Anxiety is a normal and adaptive response to stress or fear. Feelings of anxiety are usually associated with increased watchfulness and muscle tension in preparation for a perceived threat (APA, 2012). These behaviors were vital to successful human evolution and are important for humans to learn natural fear responses. When anxiety extends beyond normal levels or lasts chronically, though, a professional may diagnose an individual with an anxiety disorder (APA, 2013). Anxiety disorders affect one-third of the population at some point over the course of a lifetime (Bandelow & Michaelis, 2015). Anxiety disorders are characterized by undue fear, anxiety, and other disturbances in behavior and thinking (APA, 2013). When these symptoms are severe enough, an individual may experience significant distress and disruption in their ability to function (APA, 2013). The first step to a diagnosis of an anxiety disorder is determining an individual’s symptoms.
Symptoms of anxiety differ depending on the specific disorder but may be either somatic or psychic. Somatic symptoms include heart tremor and palpitations, dizziness, nausea, and muscle tension (APA, 2013). Psychic symptoms include difficulty concentrating, nervousness, insomnia, and excessive worry (APA, 2013). Panic attacks are specific symptoms present within many anxiety disorders, but they are also features of other mental disorders (APA, 2013). Symptoms may manifest in response to a specific phobia or more generalized fears (APA, 2013). Somatic symptom disorders, major depression, and physical ailments are also characterized by feelings of anxiety (Bandelow, Michaelis, & Wedekind, 2017). Professionals must differentiate between anxious feelings due to one of the aforementioned conditions and those associated with an anxiety disorder before making a diagnosis (APA, 2013). After ruling out differential diagnoses, professionals can determine the specific type of anxiety disorder.

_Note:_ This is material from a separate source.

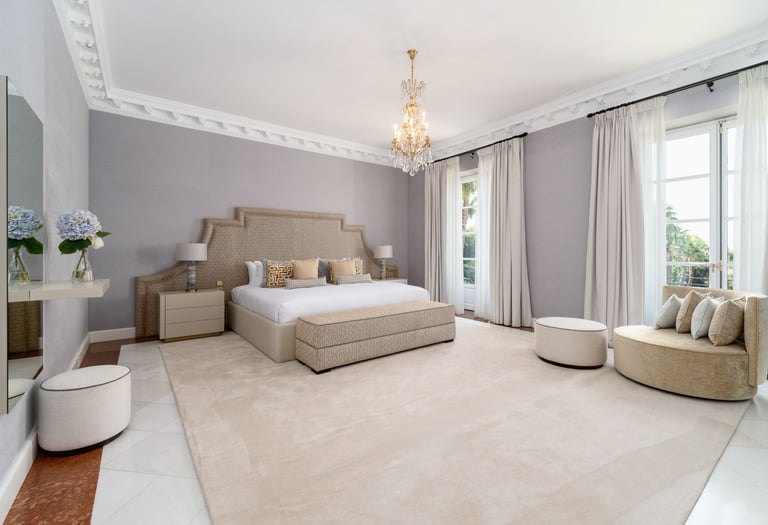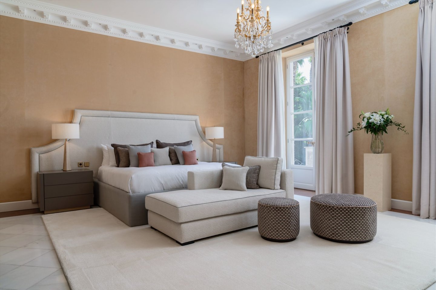 The upper floors feature the grandest suites, complete with spacious living areas, refined décor, and private terraces with superb Mediterranean views. Bathrooms include distinctive checkered floors, sculptural tubs, and large windows overlooking the gardens. One suite sits on the ground floor with easy access to the main salons, while two additional suites open directly to the outdoor pool level, offering privacy and independence. Dedicated service areas and storage rooms support smooth logistics for extended stays, staff teams, and high profile guests.

DSM-5 references 11 different types of anxiety disorders. These are “separation anxiety disorder, selective mutism, specific phobia, social anxiety disorder, panic disorder, agoraphobia, generalized anxiety disorder, substance or medication-induced anxiety disorder, anxiety disorder due to a medical condition, other specified anxiety disorder, and unspecified anxiety disorder” (APA, 2013, para. 16). Specific phobias are most common, followed by panic disorder without agoraphobia, social anxiety disorder, and generalized anxiety disorder (Bandelow et al., 2017). Anxiety disorders are often comorbid with each other as well as with major depression, somatic symptom disorders, personality disorders, and substance abuse disorders (APA, 2013). The Hamilton Anxiety Scale, the Panic and Agoraphobia Scale, and the Liebowitz Social Anxiety scale are used to determine the severity of a person’s anxiety (Bandelow et al., 2017). However, these scales are used to rate different anxiety disorders since each is unique in the thing(s) people feel anxious about.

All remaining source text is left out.